WORK REQUEST: What's needed is an exact retyping of the lines from the start of the listing up to and including the line with "Браслет из бисера желто-голубой.", minus any pictures.

DATASET EXCERPT:

▼▼▼

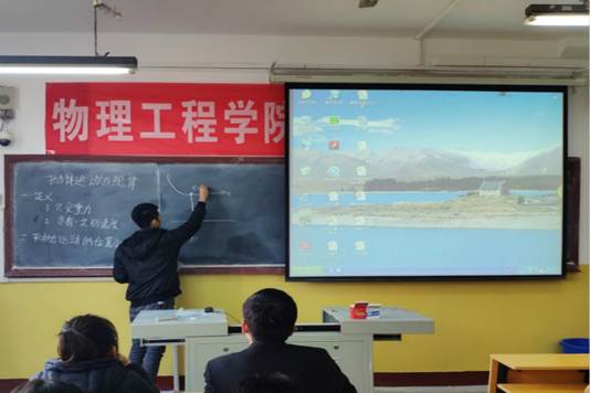 活动伊始,由边超群老师做开场讲话,他对各位参赛选手给予真切的鼓励并表示教师行业需要的是有理想有目标的人,用人机构更加注重个人的发展潜力。随后,各参赛选手按抽签序号依次上台展示自己的课堂。参赛选手的授课内容为初高中物理课程,他们通过运用PPT、板书、提问等方式充分调动听者的积极性,使得课堂严肃又活泼、务实也新颖。最后,由边超群老师总结,他对参赛选手做出了肯定,表示自己从中受到许多启发,同时对参赛选手提出了要注重沟通、气场外放和课题选择上新授课优先等建议。据悉,本次竞赛初赛成绩前百分之五十的选手将进入复赛,复赛人员名单将择日公布。
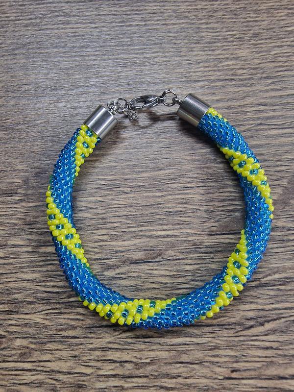 Браслет из бисера желто-голубой.
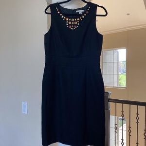 Wool blend black dress with crystal accents. Round neck with concealed back zip closure.

▲▲▲

SOLUTION:
 活动伊始,由边超群老师做开场讲话,他对各位参赛选手给予真切的鼓励并表示教师行业需要的是有理想有目标的人,用人机构更加注重个人的发展潜力。随后,各参赛选手按抽签序号依次上台展示自己的课堂。参赛选手的授课内容为初高中物理课程,他们通过运用PPT、板书、提问等方式充分调动听者的积极性,使得课堂严肃又活泼、务实也新颖。最后,由边超群老师总结,他对参赛选手做出了肯定,表示自己从中受到许多启发,同时对参赛选手提出了要注重沟通、气场外放和课题选择上新授课优先等建议。据悉,本次竞赛初赛成绩前百分之五十的选手将进入复赛,复赛人员名单将择日公布。
 Браслет из бисера желто-голубой.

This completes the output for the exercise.